Last month, we celebrated the National Statistics Day to commemorate the 125th birth anniversary of India’s legendary statistician, PC Mahalanobis. His contributions to applied statistics are immense and he is best known for developing a statistical measure called Mahalanobis distance, which is used in multivariate regression analysis. Mahalanobis distance finds wide applications in the field of classification and clustering. In this article, we will explore the Mahalanobis distance (MD) and its significance in statistics.
Regression Analysis In Statistics
Regression analysis is crucial in machine learning due to the fact that ML deals with errors and relationships in the data that goes into the model. This topic of statistics is widely used to study the variables that account in the project. ML models and algorithms sometimes analyse a variety of data to figure out a consistent output.
In multivariate analysis, the data under a study’s consideration, is usually delineated into a number of variables. These variables have to denote a relationship with respect to a standalone variable for the study. Multivariate analysis helps in addressing this challenge through methods that use correlation (strength of relationship) between the variables.

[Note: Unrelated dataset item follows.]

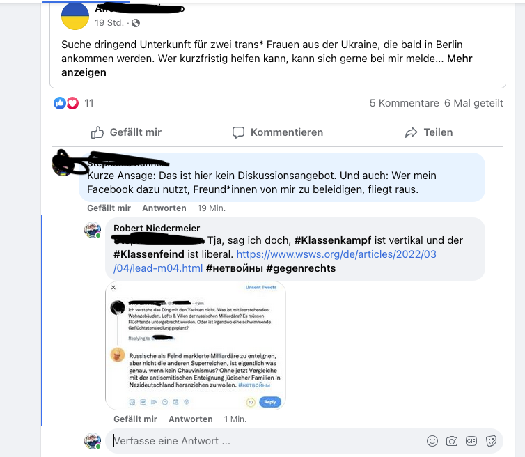 Man zeigt seine Solidarität mit der Ukraine übrigens nicht, indem man hier lebende Russ*innen ausgrenzt. Kinder, die hören müssen, dass sie “jetzt keiner mehr leiden kann“, Gäste, die in Kneipen und Läden „nicht willkommen“ sind, bringen keinen Frieden für die Ukraine.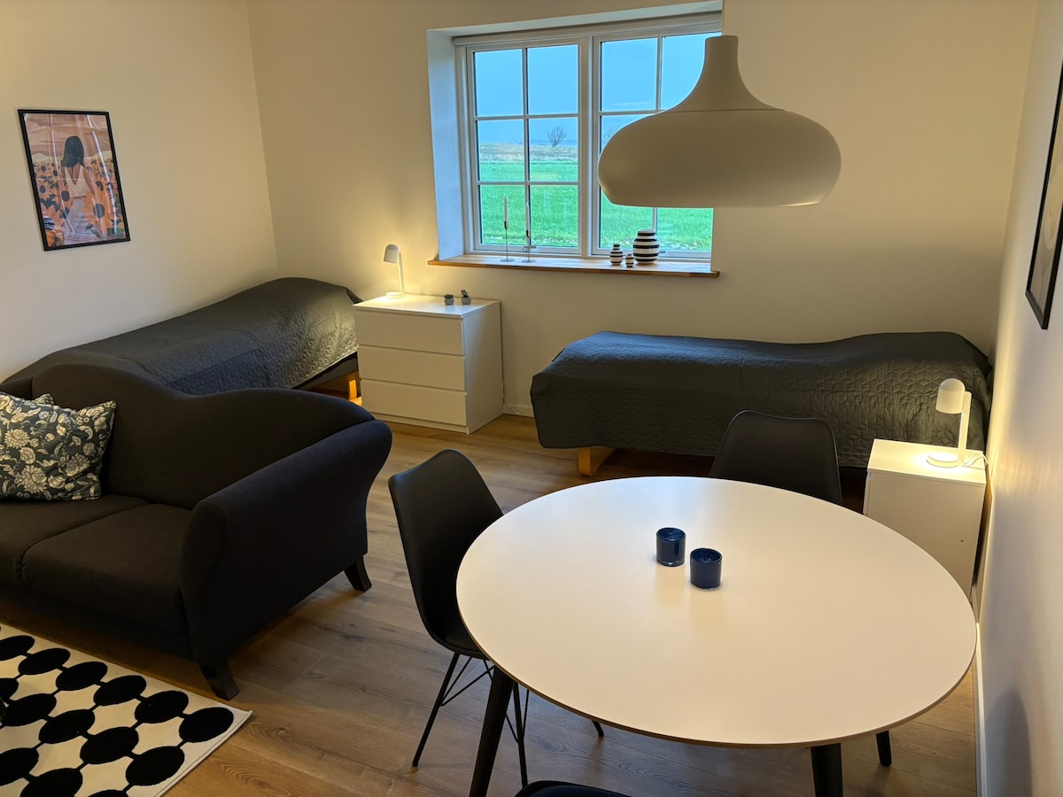 Slap af i denne unikke og rolige bolig. Her er plads til et kortere eller længere ophold midt i naturen. Lejligheden er holdt i en smuk nordisk stil med en hjemlig indretning. Lysets indfald og den grønne natur med marker og træer omkring skaber en særlig stemning, som giver lyst til bare at være.

What Is Mahalanobis Distance?
Generally, variables (usually two in number) in the multivariate analysis are described in a Euclidean space through a coordinate (x-axis and y-axis) system. Suppose if there are more than two variables, it is difficult to represent them as well as measure the variables along the planar coordinates. This is where the Mahalanobis distance (MD) comes into picture. It considers the mean (sometimes called centroid) of the multivariate data as the reference.
The MD measures the relative distance between two variables with respect to the centroid. Therefore, farther the variable is from the centroid, the larger the MD is. The definition of the concept is given below.
The Mahalanobis distance of an observation x = (x1, x2, x3….xN)T from a set of observations with mean μ= (μ1,μ2,μ3….μN)T and covariance matrix S is defined as:
MD(x) = √{(x– μ)TS-1 (x– μ)
The covariance matrix provides the covariance associated with the variables (the reason covariance is followed is to establish the effect of two or more variables together).
Uses And Applications
As mentioned earlier, MD is primarily used in classification and clustering problems where there is a need to establish correlation between different groups/clusters of data. Another application of MD is discriminant analysis and pattern analysis, which are based on classification.
It has also found relevance in principal component analysis (PCA), where the correlated variables are transformed to a set of uncorrelated variables called principal components. If the value of MD is squared, it is found that the sum of squares of all non-zero principal components are equal to that of MD. This is helpful to ascertain the right components based on the requirement in data analysis.
Use Cases Of Mahalanobis Distance
Image processing: The aspect of MD in image processing has spurred researchers to bring in this concept to serve various areas of the field. One such study is the anomaly detection in hyperspectral images, which are used to detect surface materials in the ground. A group of researchers from IEEE have developed a method called low-rank and sparse matrix decomposition-based Mahalanobis distance method for anomaly detection. This uses MD to detect the probable anomalies lying in the images analysed from sparse matrix decomposition.
Precision Medicine: A specific study in RNA sequencing has applied MD to analyse molecules to predict breast cancer survival. The researchers make use of MD to establish statistical significance of deregulated pathways in a subject’s transcriptome. Results show that the pathways derived from MD has improvement over previous research on the study, and offer better clinical interpretation of cancer survival.
Neurocomputing: Another research study incorporates MD in the detection of arrhythmia in an electrocardiogram (ECG). In this study, MD resolves the clustering problems associated with traditional Euclidean Distance (ED) observed in clustering features in ECG. The method followed is a Fuzzy C-means (FCM) clustering based on MD. Results obtained in the study show that ECG program iterations are reduced by almost 50 percent when MD-based FCM is used.
Physics: In Physics, Positron Emission Tomography (PET) is one specific area which finds application in medicine as well as in research, mainly in neuroimaging. One novel study implements MD to analyse gamma quanta by reconstructing signals in the energy levels, which is necessary for high-resolution images. The use of MD improves the image resolution significantly with better accuracy.
Comments:
Mahalanobis Distance is a very useful statistical measure in multivariate analysis. Any application that incorporates multivariate analysis is bound to use MD for better results. Furthermore, it is important to check the variables in the proposed solution using MD since a large number might diminish the significance of MD.